Monday, December 3, 2007

Hillary Clinton Decides to Mix Chemicals in a Lab Vis a Vis Mortgages

If anyone wants to know how dangerous it is for uninformed politicians to make policy suggestions that have political goals, they need to look no further than this proposal by Hillary Clinton in response to the mortgage crisis.


Democratic presidential candidate Hillary Clinton called for a 90-day moratorium on foreclosures for homeowners who default on subprime mortgages.

The New York senator, is also seeking a five-year freeze on the monthly rate for subprime adjustable mortgages and a requirement that the industry report how many mortgages have been modified. In a letter to Treasury Secretary Hank Paulson, Clinton said she may consider legislation to protect lenders from lawsuits and let them convert certain mortgages into ``stable, affordable loans.''

...

Clinton also proposed a fund of as much as $5 billion to help communities suffering from high rates of foreclosures. The moratorium on foreclosures would be at least 90 days and only apply to owner-occupied homes.

I have already pointed out Hillary Clinton's disastrous mortgage bailout plan. This is frankly more of the same.

It seems that Hillary Clinton has forgotten several simple business rules. The first rule is that contracts have stipulations and each party must meet their end of the contract or face consequences (no matter how sympathetic each party is). A mortgage is a contract and there are certain stipulations. For instance, the bank stipulated that they would shell out the entire sum of the original mortgage amount, almost always six figures and more, up front. They stipulated that the borrower would pay that mortgage back one month at a time. It also stipulated that if said borrower failed to repay then the home would be taken from them. The borrower signed that mortgage and thus agreed to that contract.

Despite what Hillary Clinton believes, changing any contract in a wholesale manner, as she wants with mortgages, is neither good policy, nor good for the economy. Banks paid out hundreds of thousands of dollars up front with the intention of receiving that money back one month at a time. If that money wasn't received, the banks would take the collateral, the property. That is how banks expected to make that transaction profitable for themselves. Hillary Clinton wants to take away the entire profit structure away from the banks and she thinks there are no unintended consequences to it.

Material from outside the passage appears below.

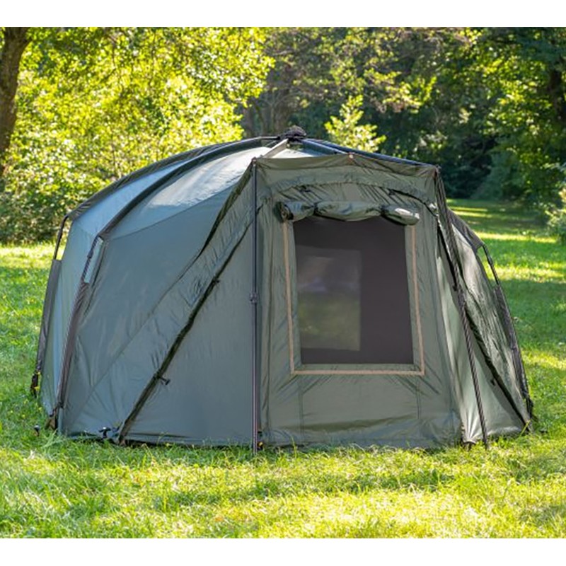 Twee mooie grote ramen met muggengaas aan de achterkant van de tent zorgen voor een optimale luchtcirculatie, zelfs in de zomer. • Systeem van 8 weerbestendige baleinen, inclusief een permanent geïnstalleerde triple dakstabilisator • Materiaal: polyester 210D FDY met speciaal Hi-Trox 4-laags buitenmateriaal (2 x lichtreflectie, 1 x lichtblokkering, 1 x warmteabsorptie) voor maximale UV-bescherming in de tent, en een gegarandeerd koel binnenklimaat
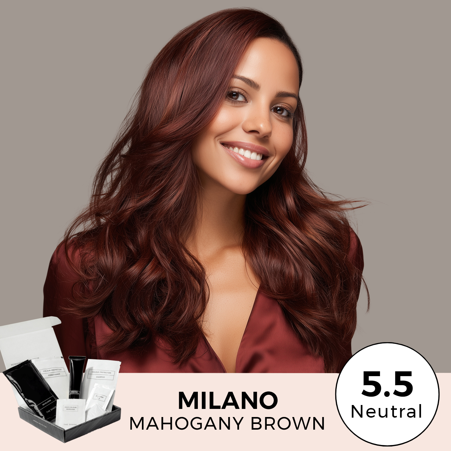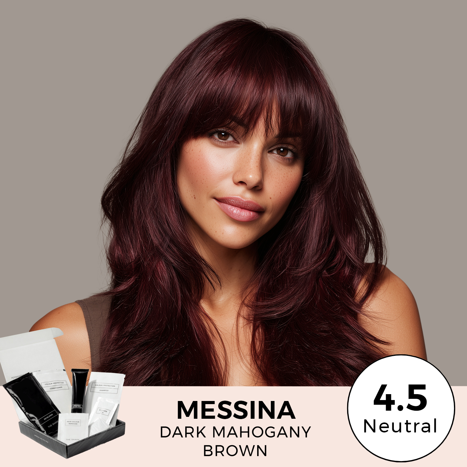Messina has a dark brown base blended with red and wine tones to give a rich mahogany colour result. The merlot wine finish is based on the dark reddish brown with a smaller amount of violet added to the colour base, giving a vibrant glossy twist on a classic brunette base.

There are. If banks happen to lose a lot of money in a wholesale manner as Hillary Clinton intends, they will pass those losses onto us, in the form of higher interest rates on future mortgages.

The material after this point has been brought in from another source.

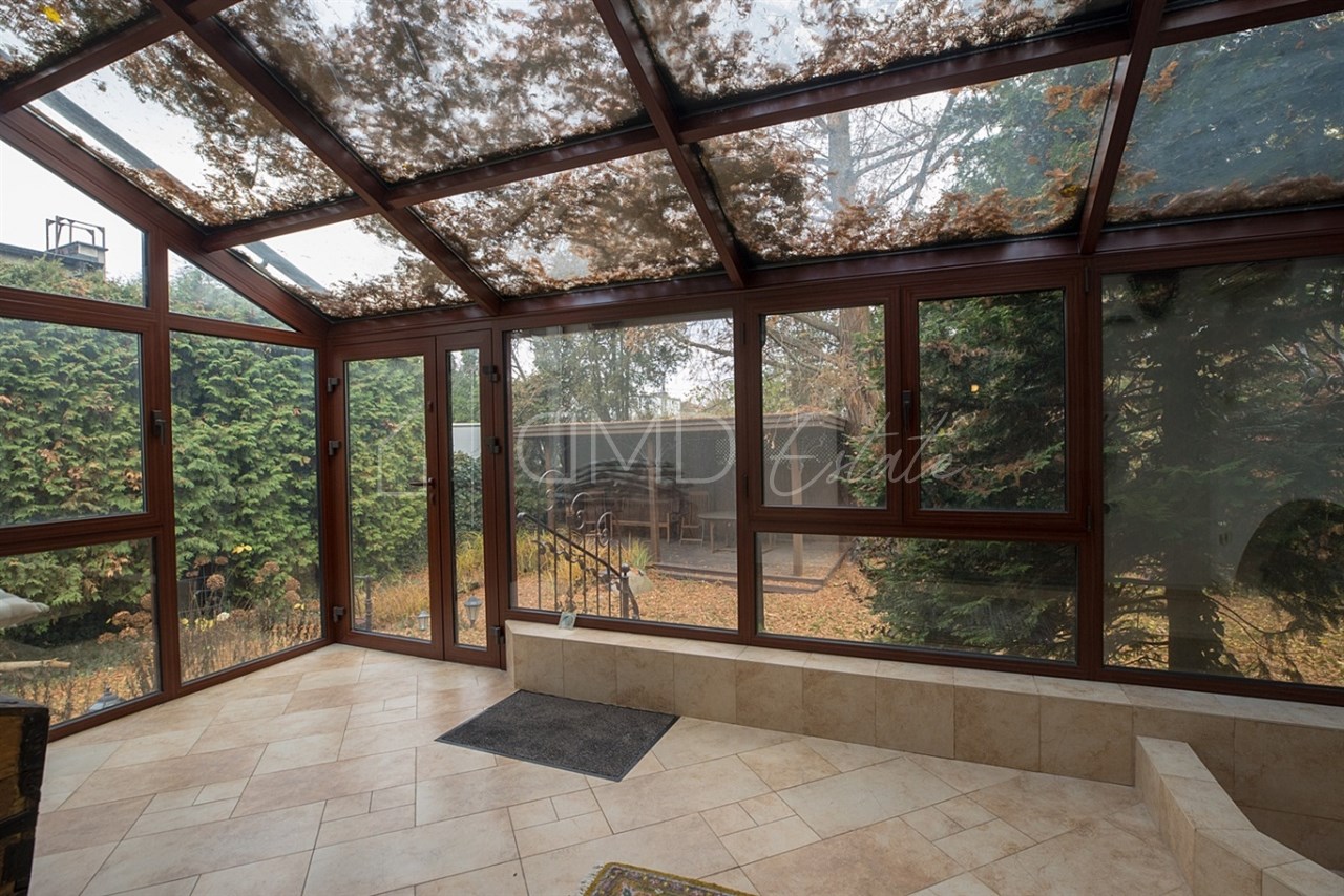 Słoneczny ogród z klimatyzowanym ogrodem zimowym oraz altaną.

Finally, and here is the worst part, the people that Hillary wants to save from foreclosure, for 90 days at least, are almost entirely in over their heads. They bought property they simply can't afford. I don't care if her moratorium is 900 days, this dynamic isn't going to change. If you can only afford a home that is 200K and you buy one for 250k, no moratorium is going to save you from yourself.

Second, Hillary Clinton wants to freeze ARM's (Adjustable Rate Mortgages). This is ludicrous. The reason that any loan has the rate that it has is ALL the factors that went into that loan, including the fact that the rate on that loan would move later. (In other words an ARM almost always has a lower rate than a fixed rate everything else being equal) Hillary Clinton wants to freeze rates even though banks offered a lower rate with the intention of having that rate move in a future period.

The manner in which banks determined the rate that borrowers received is extremely sophisticated and far past the grasp of Hillary Clinton, with all due respect. Yet, that, to her, matters not. She wants to, in a wholesale manner, freeze rates when the banks intended to have them move (and in exchange offered an initially lower rate). This of course totally disrupts the models that banks used in order to determine that rate. This means that banks will lose millions of dollars. That means that future rates will be that much higher to make up the difference.

Furthermore, there are people currently holding onto mortgages with fixed rates with each of these banks that Hillary Clinton wants to freeze the ARM's of. If I were holding onto a fixed rate (one that stayed the same over the life of the loan), I would be screaming bloody murder. I took a higher rate so that I wouldn't risk a future rate even higher, and now all those that didn't take the precaution I did get to have their rates frozen. I would be saying screw that and demand that my rate be lowered to their level since I only took the higher rate because I wanted my rate fixed for life. If Hillary Clinton is fixing their lower rates, then I would want my rate lowered and fixed as well. This is what is referred to as a moral hazard. Hillary Clinton is rewarding those that took on a risk they shouldn't have with an artificially fixed rate. By doing so she invites more people to take on ARM's when they shouldn't in hopes of getting the same doeal. I wonder if Hillary Clinton has a solution to that.

The worst thing about this is that Hillary Clinton is doing this strictly for political reasons. In sales, I always look to find my way on the same perverbial side of the table with my client against a chosen villain. Usually, I choose the bank (though not always), and I make the process me and the borrower against the bank. Hillary Clinton is using the same technique only it isn't to sell a mortgage, but to propose bad policy. She wants to find herself on the same side of the table with the poor borrowers against the bank. This may very well be a good political strategy however it is disastrous policy, and I hope everyone reading my analysis can see why.